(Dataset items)
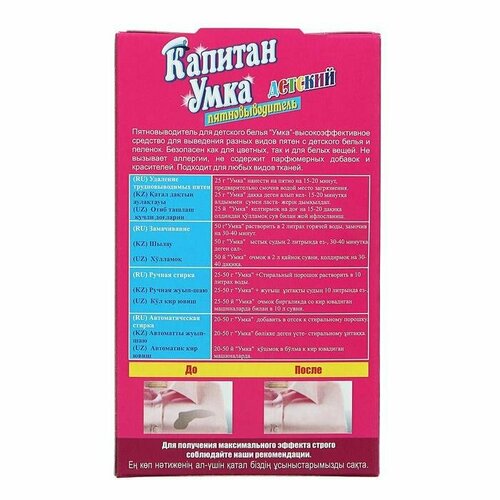 Пятновыводитель «Умка» удаляет сложные и застарелые пятна с любых тканей. Компоненты глубоко проникают в загрязнения и выводят их. Средство действует при температуре от 30 °С. Антиаллергенно.
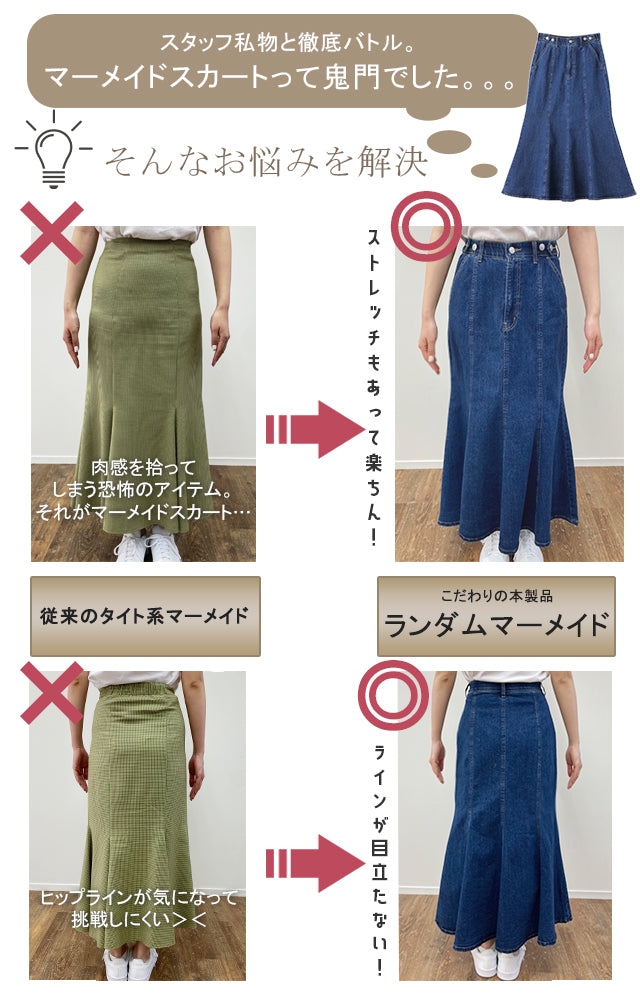 大人女子のお洒落を叶えるマーメイドシルエットのデニムスカートです。腰周りはスッキリ裾はフレアに広がりタイルアップ効果が期待できます。ウォッシュ加工を施すことでヴィンテージライクなこなれ感ある雰囲気に。■モデル着用アイテム ⇒ トップス■モデル着用アイテム ⇒ トップス■モデル着用アイテム ⇒ トップス■モデル着用アイテム ⇒ トップス■モデル着用アイテム ⇒ トップス■モデル着用アイテム ⇒ トップス■モデル着用アイテム ⇒ トップス※モデル着用商品は在庫切れ・販売終了・リンク切れの場合がございます。
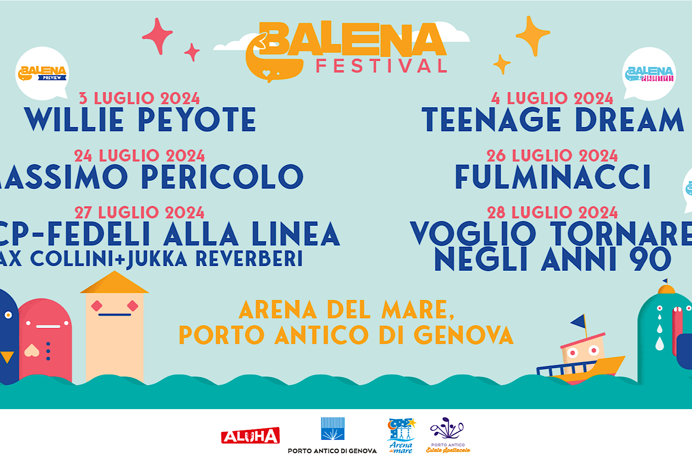Al Porto Antico di Genova torna anche quest’anno, organizzato da Aluha Eventi, il Balena Festival che al grido di “Che Bella Compagnia” ci canta “Dai su, pensateci bene: quanto è bello stare tutti insieme?“.
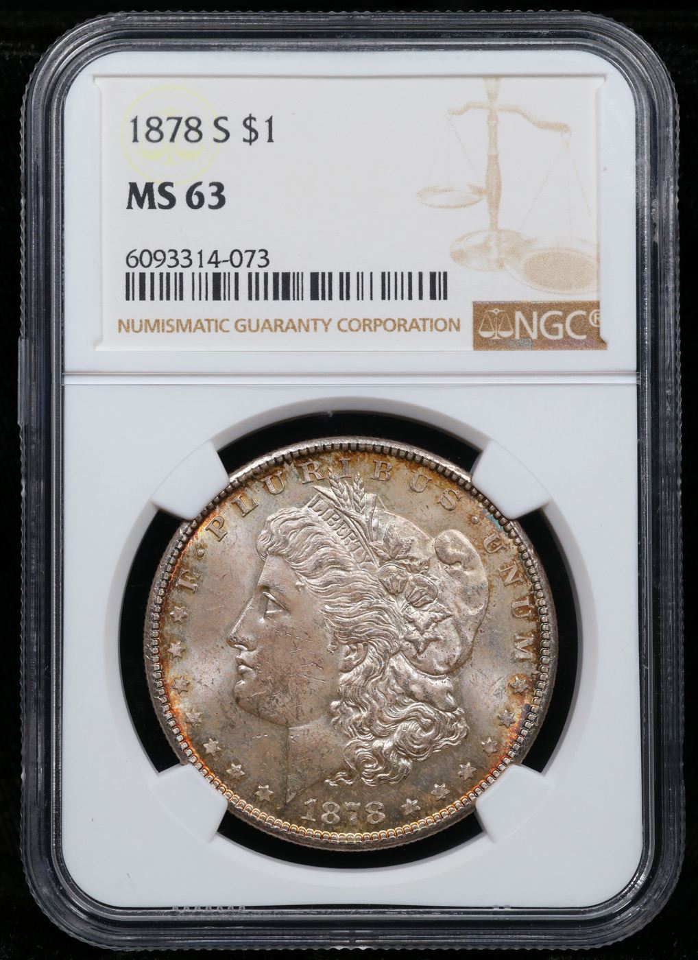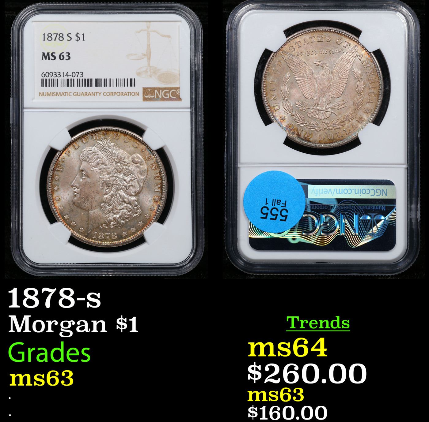 NGC 1878-s Morgan Dollar $1 Graded ms63 By NGC. Slightly better date. First year of issue.
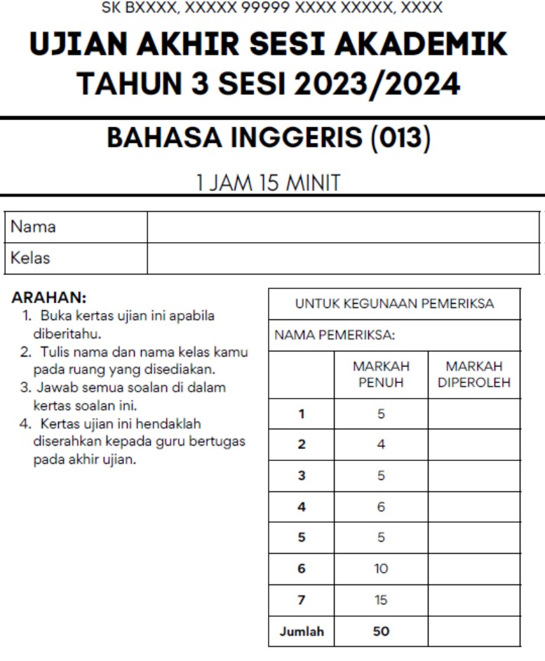 - Year 3 Paper UASA 2023/2024 (1 set)
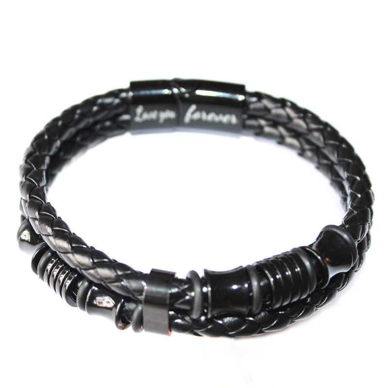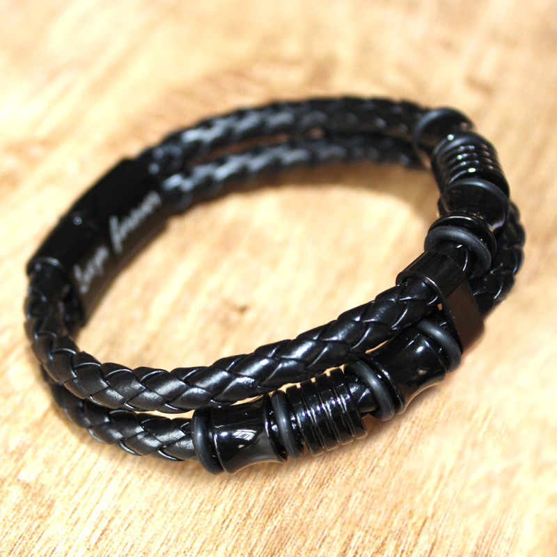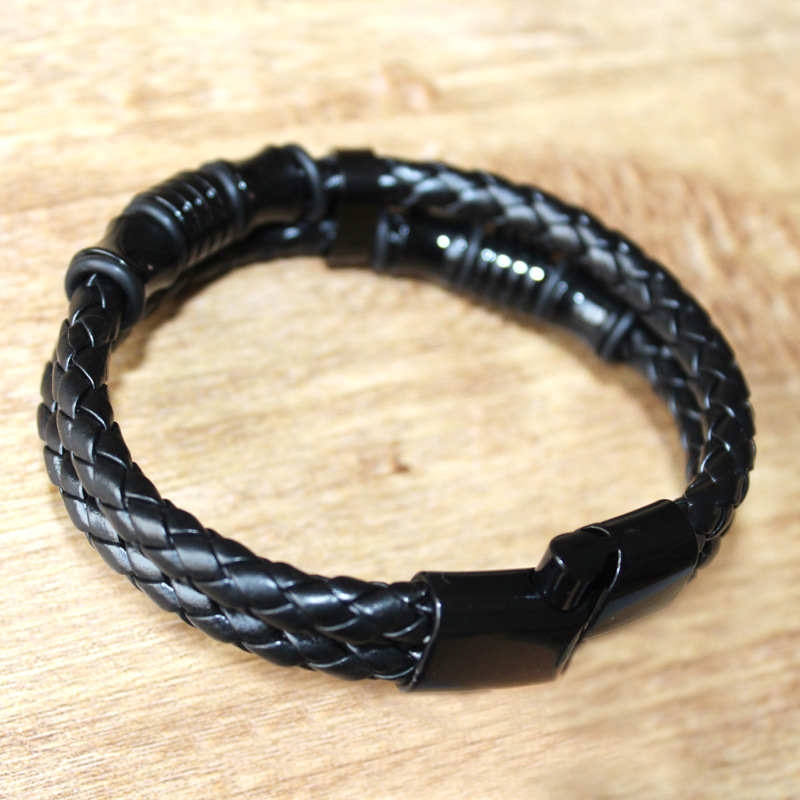 304 Edelstahl Armband, mit PU Leder, handgemacht, Doppelschicht & verschiedene Größen vorhanden & für den Menschen, schwarz, verkauft von PC

#### [HOW TO COMPLETE THIS TASK]
I'd like the data above duplicated exactly, with no pictures included.

#### [RESULT FOR THIS TASK]
 Пятновыводитель «Умка» удаляет сложные и застарелые пятна с любых тканей. Компоненты глубоко проникают в загрязнения и выводят их. Средство действует при температуре от 30 °С. Антиаллергенно.
 大人女子のお洒落を叶えるマーメイドシルエットのデニムスカートです。腰周りはスッキリ裾はフレアに広がりタイルアップ効果が期待できます。ウォッシュ加工を施すことでヴィンテージライクなこなれ感ある雰囲気に。■モデル着用アイテム ⇒ トップス■モデル着用アイテム ⇒ トップス■モデル着用アイテム ⇒ トップス■モデル着用アイテム ⇒ トップス■モデル着用アイテム ⇒ トップス■モデル着用アイテム ⇒ トップス■モデル着用アイテム ⇒ トップス※モデル着用商品は在庫切れ・販売終了・リンク切れの場合がございます。
Al Porto Antico di Genova torna anche quest’anno, organizzato da Aluha Eventi, il Balena Festival che al grido di “Che Bella Compagnia” ci canta “Dai su, pensateci bene: quanto è bello stare tutti insieme?“.
 NGC 1878-s Morgan Dollar $1 Graded ms63 By NGC. Slightly better date. First year of issue.
 - Year 3 Paper UASA 2023/2024 (1 set)
 304 Edelstahl Armband, mit PU Leder, handgemacht, Doppelschicht & verschiedene Größen vorhanden & für den Menschen, schwarz, verkauft von PC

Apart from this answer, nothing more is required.